American Gothic in the palette of Mona Lisa: Rearrange the pixels

  • You are given two true color images, the Source and the Palette. They do not necessarily have the same dimensions but it is guaranteed that their areas are the same, i.e. they have the same number of pixels.

    Your task is to create an algorithm that makes the most accurate looking copy of the Source by only using the pixels in the Palette. Each pixel in the Palette must be used exactly once in a unique position in this copy. The copy must have the same dimensions as the Source.
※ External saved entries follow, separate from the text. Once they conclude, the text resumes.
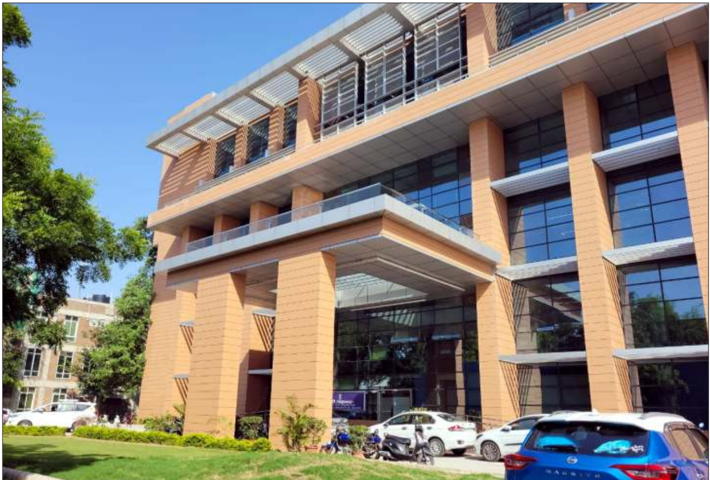
Construction of new State of Art Building of Development of Science & Technology at Technology Bhawan, New Mehrauli Road, New Delhi
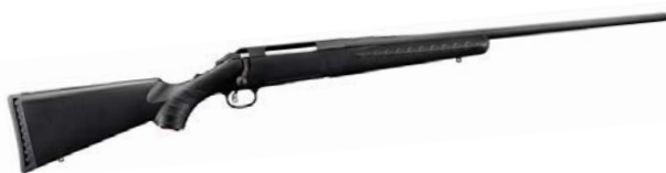
Table sponsor includes eight banquet tickets, eight door prize tickets, eight memberships and one rifle.

Purchase $150 of Shadow Bucks for only $100 . Good for most raffles: Rifle, Ladies, Sturgeon, Tool, Raffle/Raffle, Dinner & Mixed raffles. Registration must be received by 08/13/2018
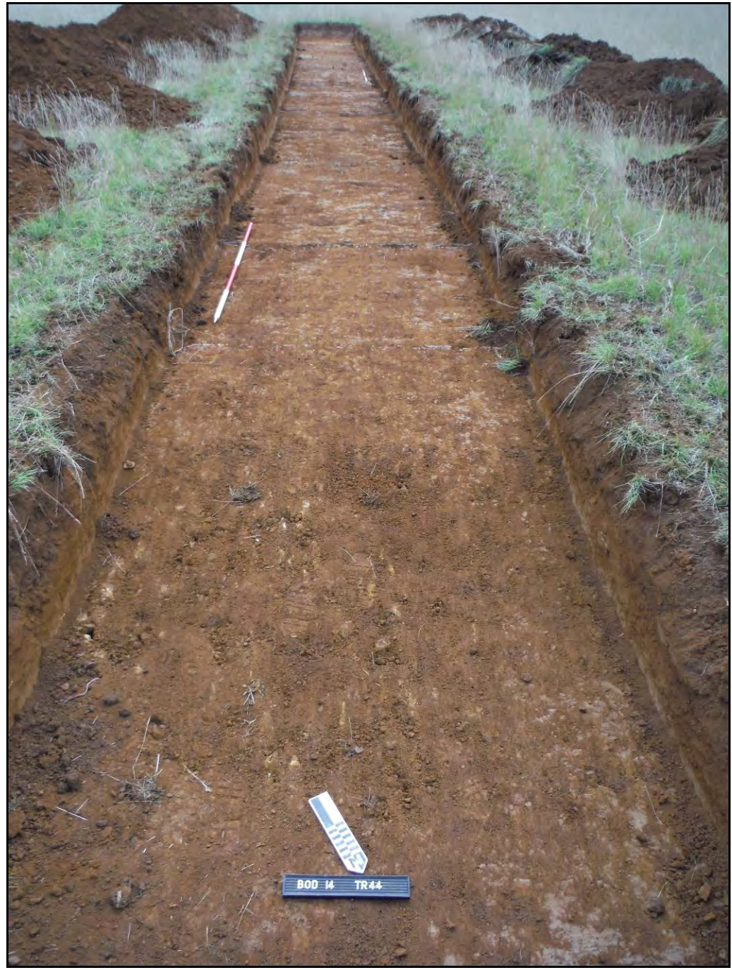
Figure. 139-SW-facing view of Trench 44 (Scale- 2 x 2m)

    This Python script can be used ensure these constraints are met:

    from PIL import Image
    def check(palette, copy):
    palette = sorted('RGB').getdata())
    copy = sorted('RGB').getdata())
    print 'Success' if copy == palette else 'Failed'

    check('palette.png', 'copy.png')

    Here are several pictures for testing. They all have the same area. Your algorithm should work for any two images with equal areas, not just American Gothic and the Mona Lisa. You should of course show your output.

    American Gothic
    Mona Lisa
    Starry Night
    The Scream

    Thanks to Wikipedia for the images of famous paintings.


    This is a popularity contest so the highest voted answer wins. But I'm sure there's lots of ways to be creative with this!
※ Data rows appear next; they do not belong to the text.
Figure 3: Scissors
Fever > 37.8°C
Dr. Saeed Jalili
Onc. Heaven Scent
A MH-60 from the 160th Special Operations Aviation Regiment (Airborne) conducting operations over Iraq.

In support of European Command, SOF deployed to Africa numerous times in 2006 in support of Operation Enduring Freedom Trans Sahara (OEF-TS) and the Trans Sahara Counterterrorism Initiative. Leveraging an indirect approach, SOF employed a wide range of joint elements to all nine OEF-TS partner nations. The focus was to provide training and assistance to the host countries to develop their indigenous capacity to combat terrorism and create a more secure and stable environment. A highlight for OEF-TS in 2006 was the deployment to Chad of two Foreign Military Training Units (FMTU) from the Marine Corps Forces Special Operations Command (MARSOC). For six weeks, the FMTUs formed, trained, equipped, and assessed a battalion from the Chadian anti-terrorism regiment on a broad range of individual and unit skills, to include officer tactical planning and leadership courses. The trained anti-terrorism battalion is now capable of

    millinon had the idea that it would be cool to see the pixels rearrange themselves. I thought so too so I wrote this Python script that takes two images made of the same colors and draws the intermediate images between them. Update: I just revised it so each pixel moves the minimum amount it has to. It is no longer random.

    First is the Mona Lisa turning into aditsu's American Gothic. Next is bitpwner's American Gothic (from Mona Lisa) turning into aditsu's. It's amazing that the two versions share the exact same color palette.
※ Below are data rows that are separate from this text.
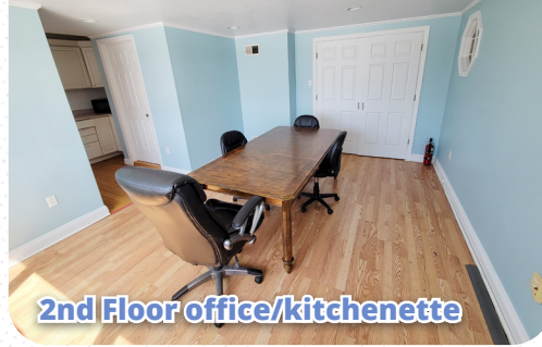
2nd Floor office/kitchenette
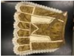
Apron (2019.5.1) 1930s
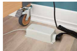
With the floor-mounted power supply unit, the 24-volt system can also be used with various international mains cables.
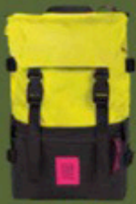
Rover Pack CLASSIC
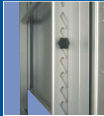
Height adjustment is quick and easy

Whiteboards have become familiar in Education over the past few years. The BIG challenge has been to get lesson notes from the board to the pupils quickly, easily and efficiently - that's where CleverBOARD is indispensable in the classroom!

    Mona Lisa to American Gothic animation
    animating between two versions of American Gothic made from Mona Lisa

    The results are really quite astounding. Here is aditsu's rainbow Mona Lisa (slowed to show detail).

    rainbow spheres to Mona Lisa animation

    This last animation is not necessarily related to the contest. It shows what happens when my script is used to rotate an image 90 degrees.

    tree rotation animation

    Must the process be entirely unguided, or is it permitted to give the program hints about the parts of the image which are most important (e.g. Lisa's face)?

    @Quincunx I do know that only one is a png, but I just made sure that my script only considers the RGB values in each image. The strings 'palette.png' and 'copy.png' were just placeholders since PIL will load most image types. If it helps anyone I could put all the images in the same format, say bmp.

    @PeterTaylor I'd say that you should not have to manually tell the program what parts of the image to put more detail into. That goes against the idea of your algorithm working in the general case just given two images. You may definitely do this programmatically though. (I'd still love to see your output even if you stick with manual detailing!)

    To increase the hits on your question you may wish to consider entitling it, "American Gothic in the palette of Mona Lisa: Rearrange the pixels"

    Hi, I just want to congratulate you on this original challenge! Very refreshing and interesting.

    Thanks for the support @bolov. I just added a couple more images for some more variety.

    @Calvin'sHobbies I would definitely do this challenge, if I knew how to work with images :P

    @qwr It is not that difficult - can you tell me a language you know? I am pretty sure you can easily edit images in most languages - and its great fun=) PS: Calvin'sHobbies you are making sure you keep us busy by adding new images, eh!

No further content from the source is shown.